2" visual back>2x barlow>asi290mm

 

I just got a ZWO ADC so I will be adding that to the mix, I'm assuming the best place for it is right after the visual back.

This thread and others regarding ADC and barlows makes me question if I made the right choice for my planetary imaging endevours. I've a similar setup but with a 1.25" back, celestron X-Cel 2xbarlow, ADC and ASI290MC in my NexStar Evolution 6" (1500mm f-length). I know that technically the best f-ratio for the camera would be 14.5 (when calculating by 5, 20.3 when calculating by 7 as others suggest).

 

In this thread John Boudreau suggest that first comes the barlow, then the ADC:

https://www.cloudyni...c/#entry7914331

 

This is also consistent with various other sources I've found regarding barlows and ADC.

 

I've ordered the 2x barlow because my thinking was that it's just about right when calculating by 7 and I'd like to have a bigger picture.
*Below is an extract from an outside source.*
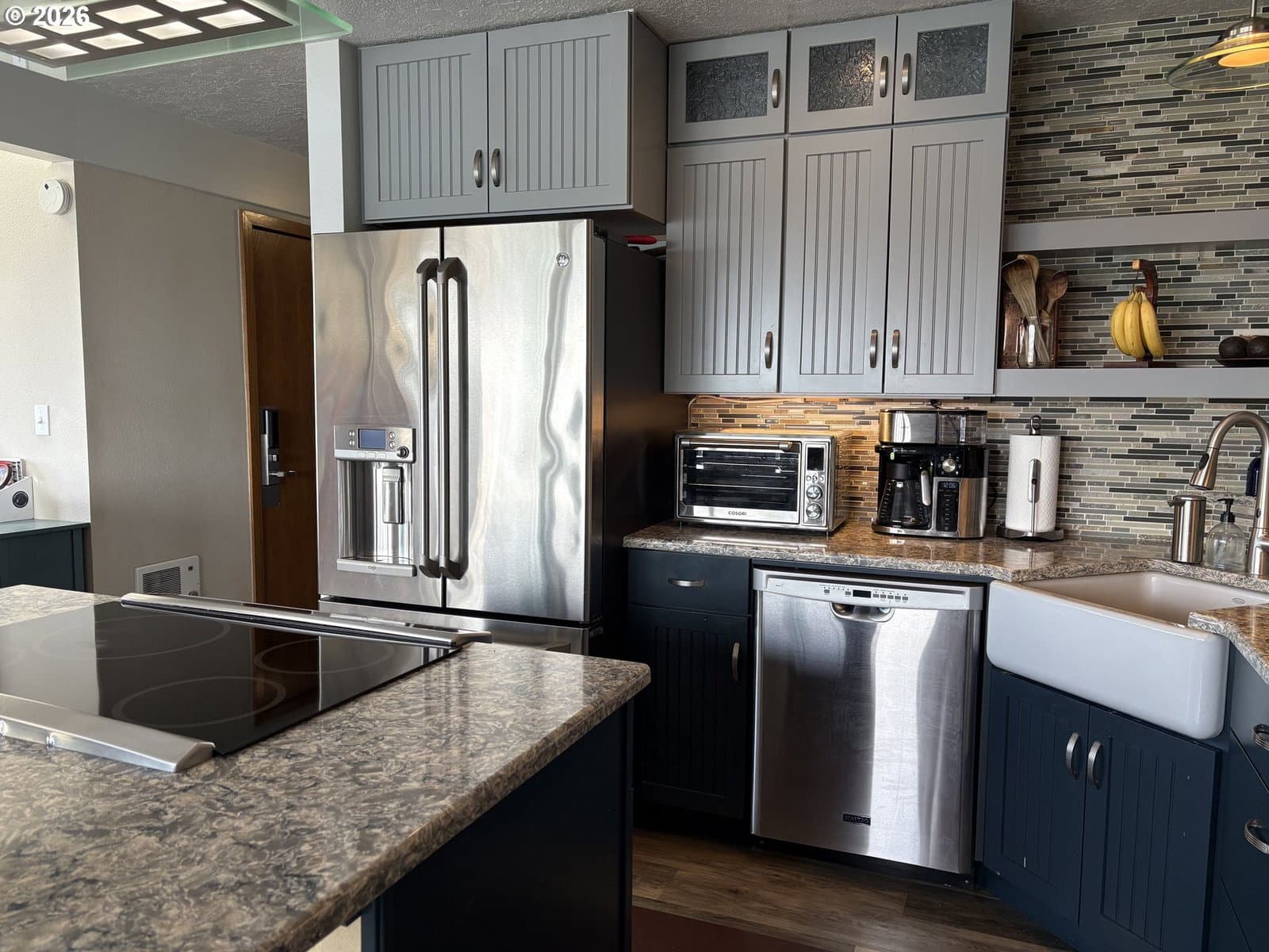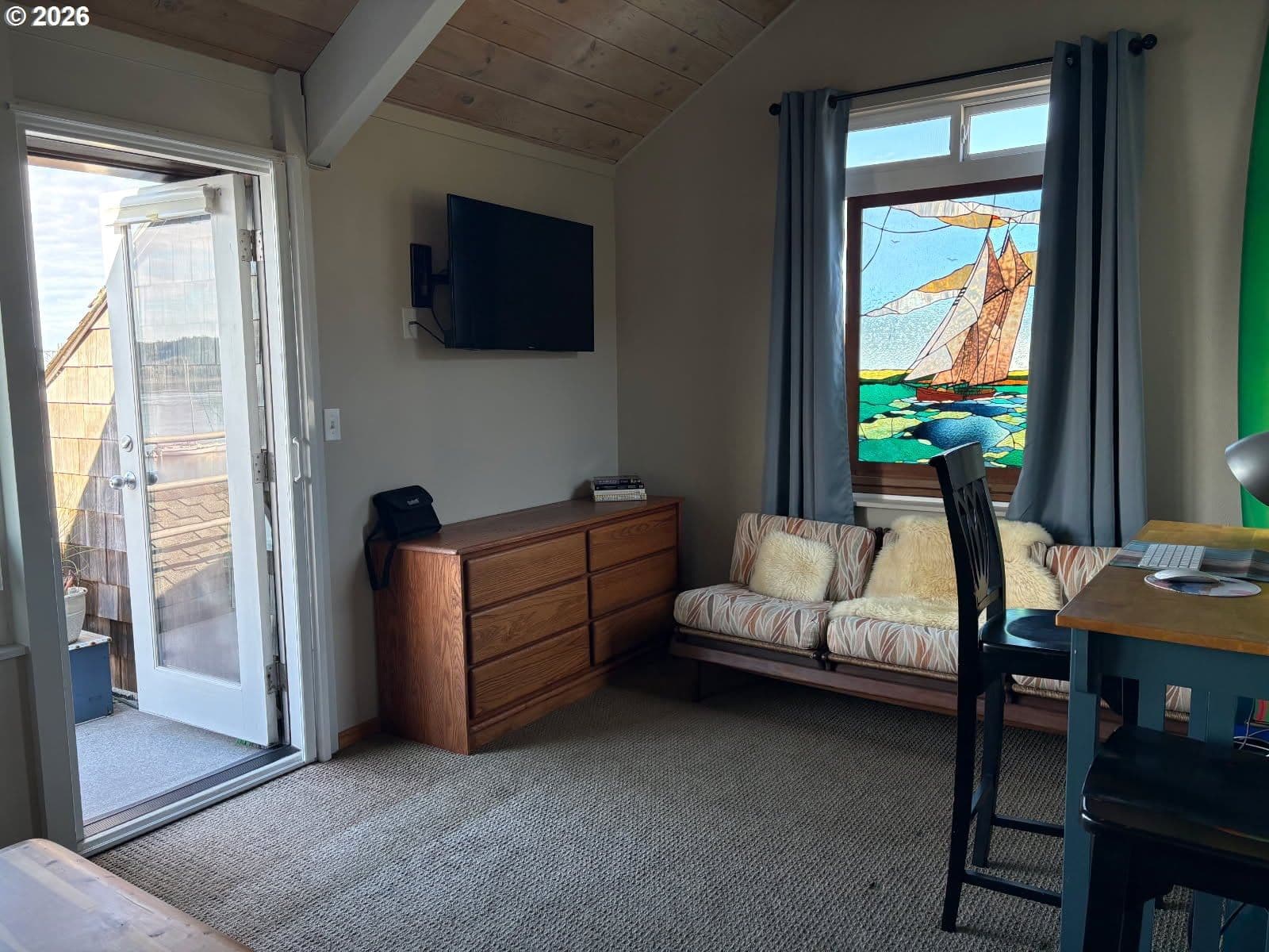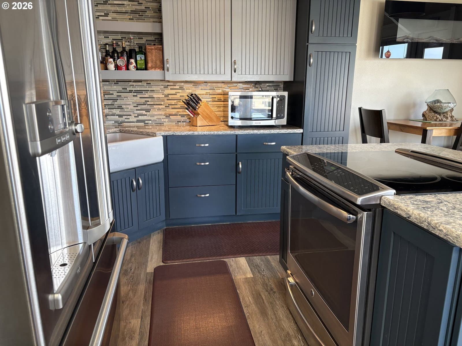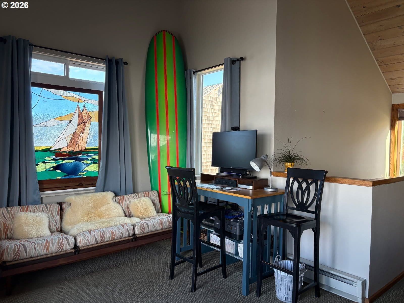 Imagine waking to sweeping views of the Yaquina Bay, Bridge, and Historic Bayfront town. Watching sea lions, seals, pelicans, herons, and eagles in their natural encounters. This end unit has bay windows allowing this view even sitting inside the comfort of your living room. No stairs to enter, ice machine and semi-private pet lawn are steps away. Location, location. Inside, an electric “fireplace” keeps the room cozy and warm. An updated kitchen has modern upgrades. Both bathrooms have heated floors, the downstairs has a walk-in shower, the upstairs you can luxuriate in a deep soaker tub. The primary suite has enough space for a sitting area and an office. A full-sized stacked washer and dryer is next to a utility closet. This unit has never been divided and could be your comfortable family home and/or use as a rental investment. HOA dues will include almost every amenity you could imagine, all utilities, indoor heated saltwater pool, hot tubs, sauna, fitness room, crabbing dock.Visit the Historic Bayfront with unique shops, restaurants, stop and purchase fresh catch of the day from the local fishermen. Continue to the trail by the Coast Guard Station for a walk on the beach.

But then I didn't realize yet that the ADC comes after the barlow, which will add another 30mm distance. And the X-Cel is a shorty, can it be estimated what my effective f-ratio will be with the chosen setup? The ADC will be delivered next week and I'll make some star-measurements then but it'd be nice to know beforehand. 

 

With my old 2x barlow from the celestron eyepiece kit there is a trick I've seen for the ASI290MC (2.9um pixelsize), the lense can be unscrewed from the barlow body and attached directly to the nose-adapter of the camera, resulting in a 1.5x magnification. Does anyone know if this works with the X-Cel barlow too? The front lense can also be unscrewed, and I think I can swap the nosepiece (threaded) from the camera with the one of the ADC (the later seems to be unthreaded from pictures on google). Could I attach the barlow lense then to the nosepiece of the ADC directly, which would reduce the distance by about 35mm to the chip compared to ADC in barlow body? If I could get into focus this way I would be slightly under f.20 (5mm less distance) even with the ADC, right?

 

But there are also pictures on google where the barlow comes after the ADC, would it work this way too or why are most people suggesting to have the barlow first, ADC second?

 

Lastly, how severe is the impact of oversampling planets and the moon really? As I understand, it will introduce more noise to the signal but if not too extrem, it would also provide more detail and SNR can be improved with bigger stacks.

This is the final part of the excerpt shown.